Task directions
In the copy of the lines below, leave out pictures and print everything else exactly.

Record excerpts
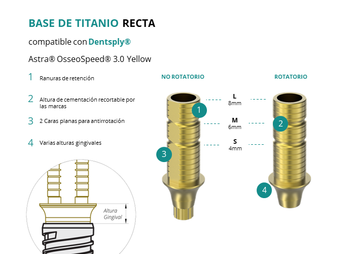 Las Ti-Base Rectas de GT-Medical son compatibles con los implantes Astra® OsseoSpeed® 3.0 Yellow de Dentsply®, permitiendo una conexión estable y duradera entre el implante y la prótesis. Están compuestas en su totalidad por Titanio de Grado 5 con un anodizado dorado para un acabado más estético. Poseen un tronco de cementación recortable a varias alturas, 2 caras planas para realizar la función antirotativa y un cuerpo gingival de varias alturas, dependiendo del tipo de conexión.
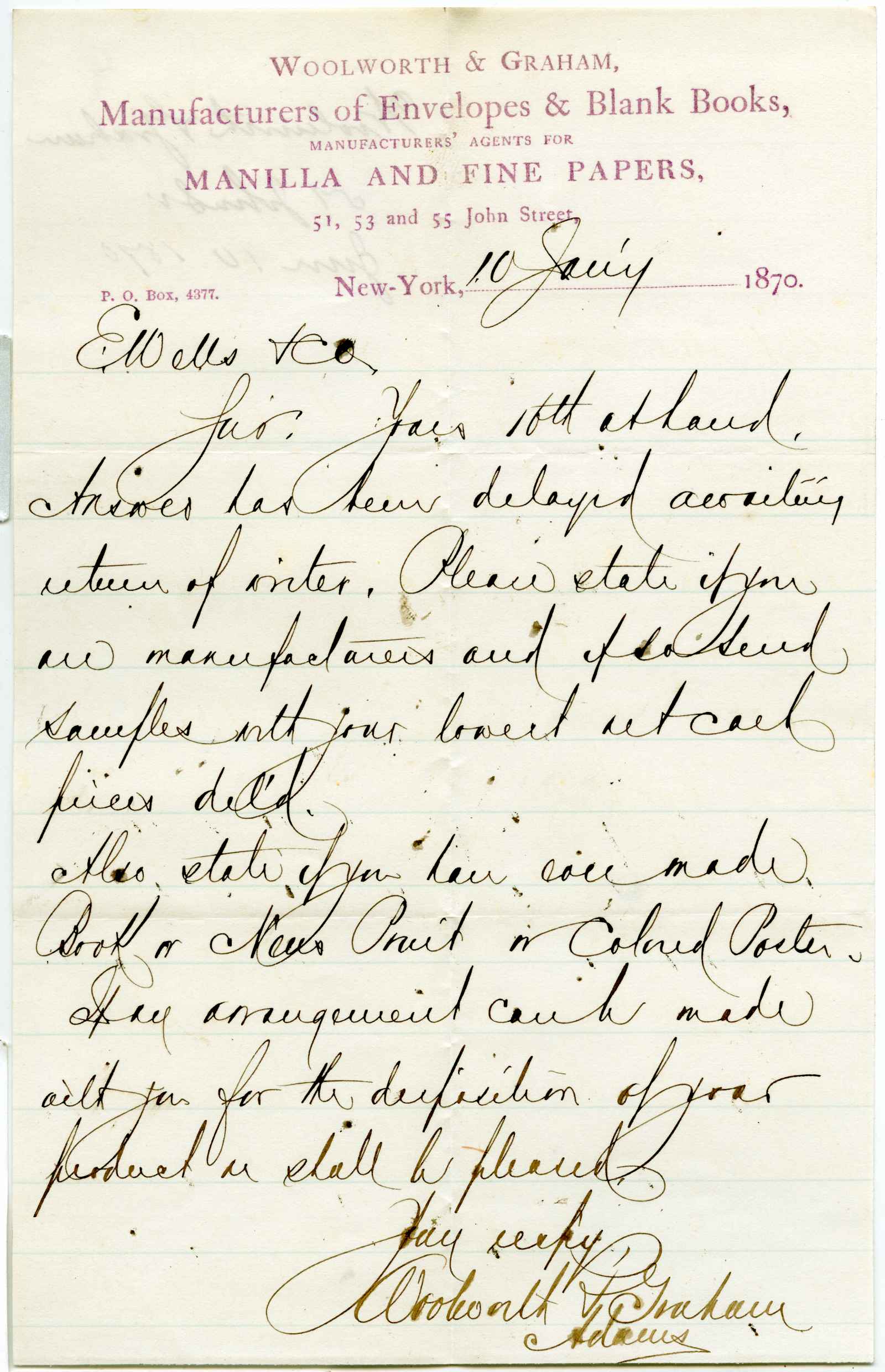 letter; Woolworth & Graham - Manufacturers of Envelopes and Blank Books - N.Y.
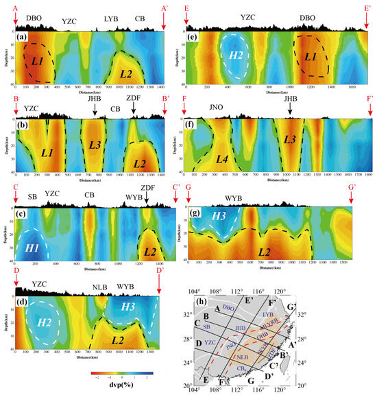 Figure 10 shows seven vertical cross-sections of Vp tomography across the study area, in which four profiles are parallel to the Qinling-Dabie orogenic belt (AA’–DD’) and the other three profiles are perpendicular to it (EE’–GG’). Along the AA’, BB’, and EE’ profiles, there is a prominent low-Vp anomaly (L1) beneath the western Qinling–Dabie orogenic belt (DBO), extending throughout the entire crust (Figure 10a,b,e). In the AA’ profile, a distinct low-Vp anomaly (L2) in the lower crust is also identified beneath the Lower Yangtze block (Figure 10a). Similarly, in the DD’ and GG’ profiles, L2 is clearly concentrated in the lower crust beneath the Wuyi metallogenic belt, whereas a strong high-Vp anomaly (H3) exists in the upper crust (Figure 10d,g). In the BB’ and CC’ profiles, a pronounced low-Vp anomaly is detected beneath the Zhenghe-Dapu fault zone, which could serve as a principal channel for magmatic upwelling [21]. In the BB’ and FF’ profiles, the distinct low-Vp anomalies L3 and L4 appear beneath the Jianghan basin and the eastern Jiangnan orogen, respectively (Figure 10b,f). In the CC’ profile, a high-Vp anomaly (H1) appears in the middle–lower crust beneath the Sichuan basin (Figure 10c), exhibiting a cratonic feature. In addition, a distinct high-Vp anomaly (H2) is imaged beneath the southwestern Yangtze Craton along the DD’ and EE’ profiles (Figure 10d,e).
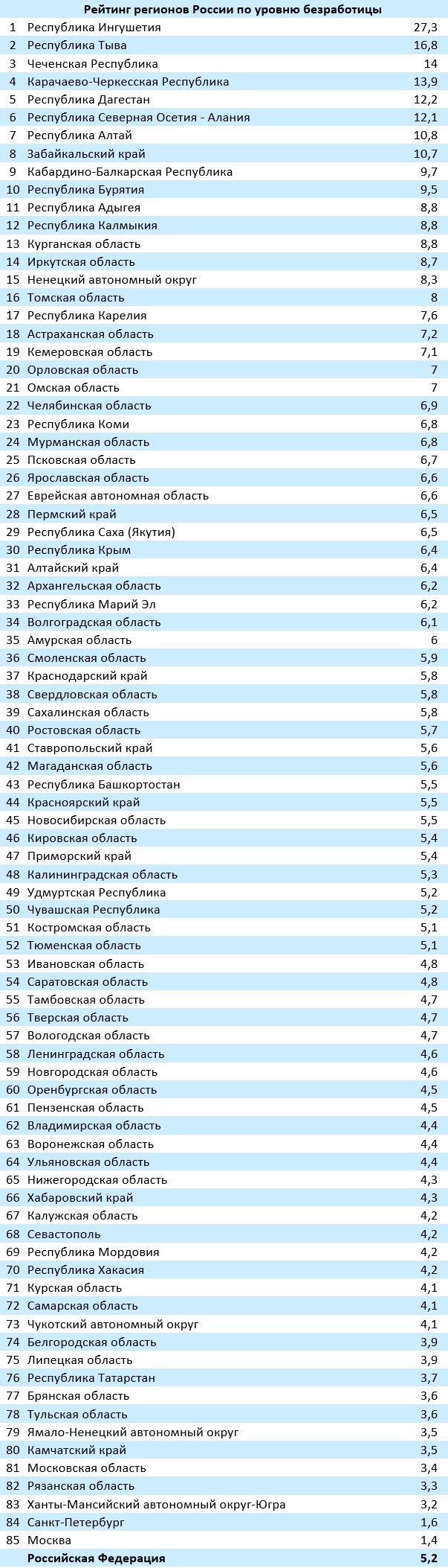 Худший результат в стране показала республика Ингушетия, где не трудоустроены 27,3% жителей, пригодных для работы. За ней следуют республики Тыва (16,8%) и Чечня (14%).
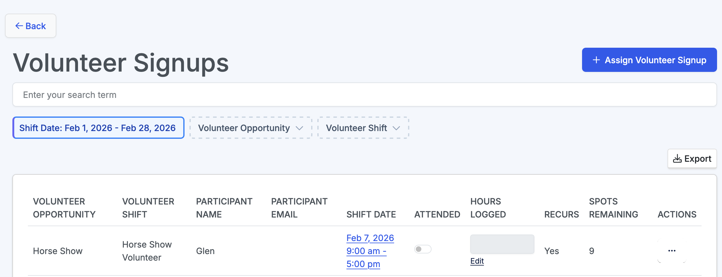 - From here you can leverage the filters to view the basic information for specific volunteer opportunities, shifts, or all signups in a certain time period. You can then view each volunteer, track who attended, and input volunteer hours.
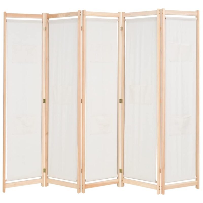 Paravent séparateur de pièce cloison de séparation décoration meuble 5 panneaux crème 200 x 170 x 4 cm tissu 0802071
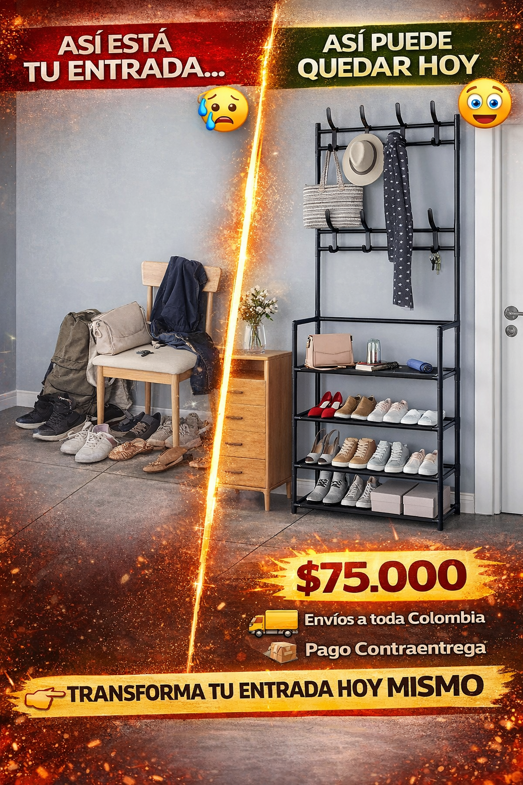Recibido el perchero zapatero. Muy estable y ahorra demasiado espacio en la entrada. Vale cada peso.

Answer box
 Las Ti-Base Rectas de GT-Medical son compatibles con los implantes Astra® OsseoSpeed® 3.0 Yellow de Dentsply®, permitiendo una conexión estable y duradera entre el implante y la prótesis. Están compuestas en su totalidad por Titanio de Grado 5 con un anodizado dorado para un acabado más estético. Poseen un tronco de cementación recortable a varias alturas, 2 caras planas para realizar la función antirotativa y un cuerpo gingival de varias alturas, dependiendo del tipo de conexión.
 letter; Woolworth & Graham - Manufacturers of Envelopes and Blank Books - N.Y.
 Figure 10 shows seven vertical cross-sections of Vp tomography across the study area, in which four profiles are parallel to the Qinling-Dabie orogenic belt (AA’–DD’) and the other three profiles are perpendicular to it (EE’–GG’). Along the AA’, BB’, and EE’ profiles, there is a prominent low-Vp anomaly (L1) beneath the western Qinling–Dabie orogenic belt (DBO), extending throughout the entire crust (Figure 10a,b,e). In the AA’ profile, a distinct low-Vp anomaly (L2) in the lower crust is also identified beneath the Lower Yangtze block (Figure 10a). Similarly, in the DD’ and GG’ profiles, L2 is clearly concentrated in the lower crust beneath the Wuyi metallogenic belt, whereas a strong high-Vp anomaly (H3) exists in the upper crust (Figure 10d,g). In the BB’ and CC’ profiles, a pronounced low-Vp anomaly is detected beneath the Zhenghe-Dapu fault zone, which could serve as a principal channel for magmatic upwelling [21]. In the BB’ and FF’ profiles, the distinct low-Vp anomalies L3 and L4 appear beneath the Jianghan basin and the eastern Jiangnan orogen, respectively (Figure 10b,f). In the CC’ profile, a high-Vp anomaly (H1) appears in the middle–lower crust beneath the Sichuan basin (Figure 10c), exhibiting a cratonic feature. In addition, a distinct high-Vp anomaly (H2) is imaged beneath the southwestern Yangtze Craton along the DD’ and EE’ profiles (Figure 10d,e).
 Худший результат в стране показала республика Ингушетия, где не трудоустроены 27,3% жителей, пригодных для работы. За ней следуют республики Тыва (16,8%) и Чечня (14%).
 - From here you can leverage the filters to view the basic information for specific volunteer opportunities, shifts, or all signups in a certain time period. You can then view each volunteer, track who attended, and input volunteer hours.
 Paravent séparateur de pièce cloison de séparation décoration meuble 5 panneaux crème 200 x 170 x 4 cm tissu 0802071
Recibido el perchero zapatero. Muy estable y ahorra demasiado espacio en la entrada. Vale cada peso.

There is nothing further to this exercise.